Next, the fixing device 18 will be described in detail. Hereinafter, it will be described so that the front side of the fixing device 18 is positioned at the near side of FIG. 2, for convenience of explanation. An arrow Y of FIG. 2 indicates a conveying direction of the sheet (in the present embodiment, left and right direction). Arrow Fr of FIGS. 3 and 4 indicates a front side of the fixing device 18. An arrow I of FIG. 4 indicates an inside in a front and rear direction and an arrow O of FIG. 4 indicates an outside in the front and rear direction.

As shown in FIG. 2 or the like, the fixing device 18 includes a box-like formed fixing frame 21, a fixing belt 22 housed in an upper part of the fixing frame 21, a pressuring roller 23 (a pressuring member) housed in a lower part of the fixing frame 21, a heater 24 (a heat source) arranged at an inside of the fixing belt 22 in a radial direction, a reflecting member 25 arranged at the inside of the fixing belt 22 in the radial direction and at a lower side of the heater 24, a supporting member 26 arranged at the inside of the fixing belt 22 in the radial direction and at a lower side of the reflecting member 25, a pressing member 27 arranged at the inside of the fixing belt 22 in the radial direction and at a lower side of the supporting member 26.

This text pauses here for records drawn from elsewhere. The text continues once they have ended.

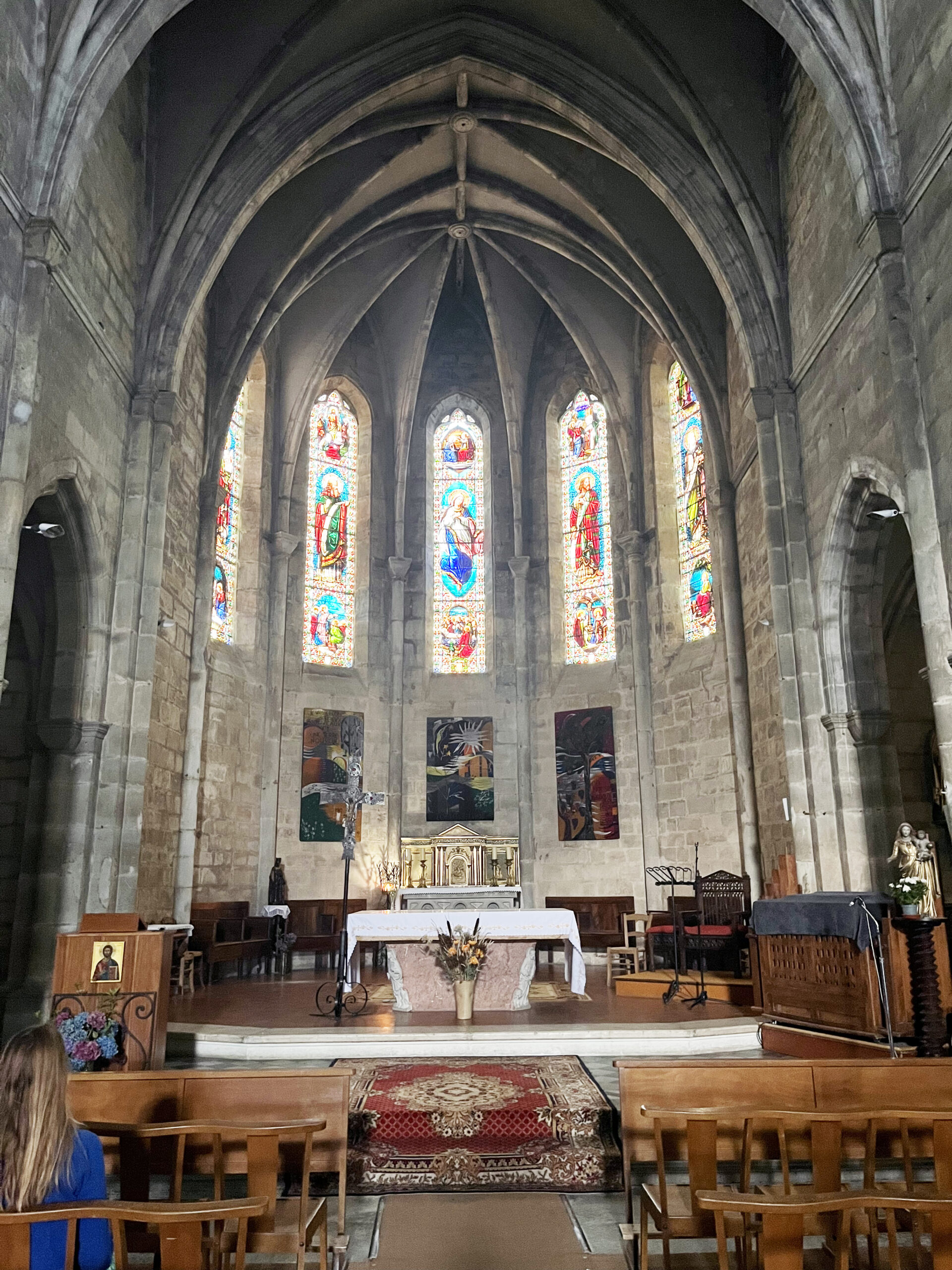 Next we stopped in the Church of the Assumption in Lacapelle-Marival. This little Gothic jewel only dates to 1575, when it was built on the site of an earlier Romanesque chapel, dating probably to the 12th century. The church was extensively remodelled in the 19th century. I think the stained glass dates from that time. Just as I was finishing Vespers, a Mass broke out. More on that tomorrow.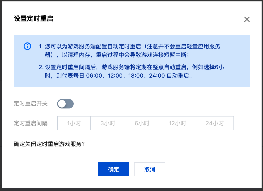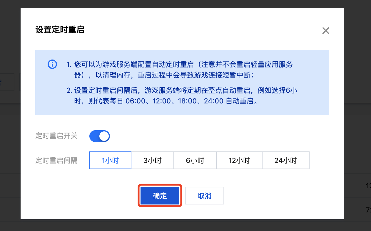 2、单击游戏管理面板内的【设置定时重启】按钮,在弹出的弹窗中选择是否开启定时重启,并按提示输入数字设置重启时间间隔。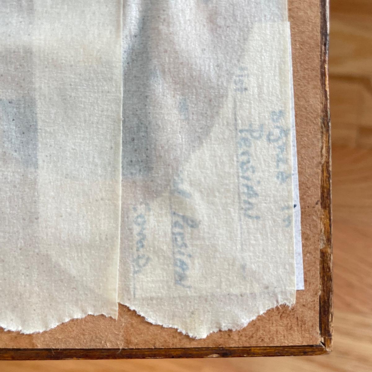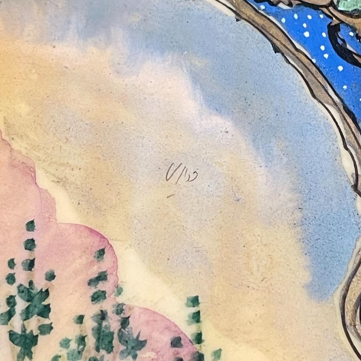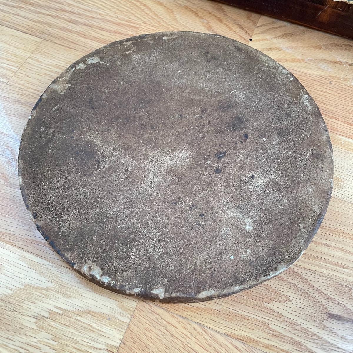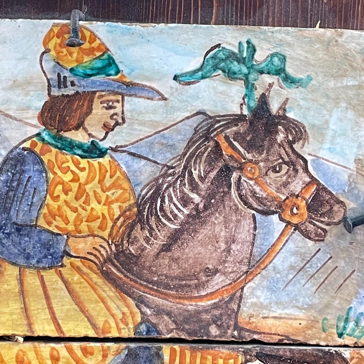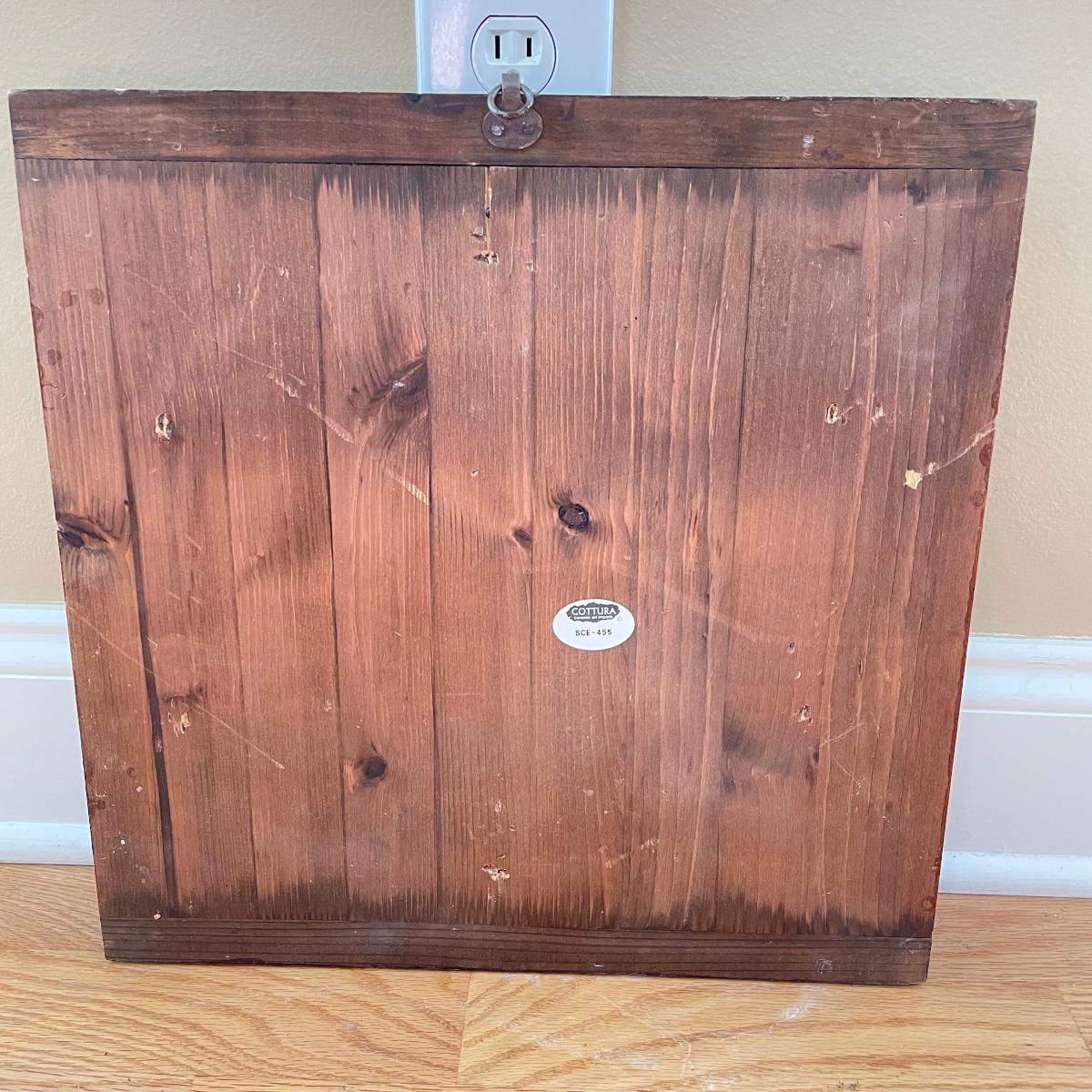 Royal portrait painted on two slabs that appear to be concrete and held on a 15”sq solid wood frame by iron nails. Circular art is 9.75”d, made of a heavy resin and shows crazing in the glaze. Lastly, a hand painted art in a 7.5” x 11” wooden frame. Art is possibly painted on a plastic-like paper with a barely noticeable chip on the rider’s neck. Under the tape on the back states “Signed in Persian” but we did not locate signature on the framed piece. Shipping available. Please call UPS with dimensions at 828-252-6930 for a shipping quote prior to bidding.

The fixing frame 21 is made of a plate metal. As shown in FIG. 3 or the like, the fixing frame 21 is composed of an upper frame part 31 and a lower frame part 32 connected to each other.

The upper frame part 31 of the fixing frame 21 includes a pair of front and rear upper side end plates 33 and a top plate 34 connecting upper end parts of the upper side end plates 33.

As shown in FIG. 4 or the like, to an outer face of each upper side end plate 33 of the upper frame part 31, a heater attachment plate 35 is fixed. To an inner face of each upper side end plate 33, a belt attachment base 36 is fixed. An arc-like belt supporting part 37 is arranged at an end part inside in the front and rear direction of each belt attachment base 36. Around outer circumference of the belt supporting part 37, annular meandering restriction ring 38 is arranged.

To the top plate 34 of the upper frame part 31, a pair of front and rear first thermistors 40 are fixed. As shown in FIG. 3 or the like, each first thermistor 40 comes into contact with a center part and a rear part of an outer circumference face of the fixing belt 22.

The lower frame part 32 of the fixing frame 21 includes a pair of front and rear lower side end plates 41 and a bottom plate 42 connecting lower parts of the lower side end plates 41.

To an inside in the front and rear direction of each lower side end plate 41 of the lower frame part 32, swing frames 43 are arranged. At a right end side of each swing frame 43, a spindle 44 is arranged and each swing frame 43 is configured to swing around each spindle 44 as a fulcrum. At a rear side (outside in the front and rear direction) of the rear lower side end plate 41, an input gear 45 is arranged coaxially with each spindle 44. The input gear 45 is connected to a drive source 46 composed of a motor or the like.

As shown in FIG. 2 or the like, to the lower frame part 32, a second thermistor 47 is fixed. The second thermistor 47 comes into contact with an outer circumference face of the pressuring roller 23. At the lower frame part 32, an entry guide 48 and an ejecting guide 49 is arranged.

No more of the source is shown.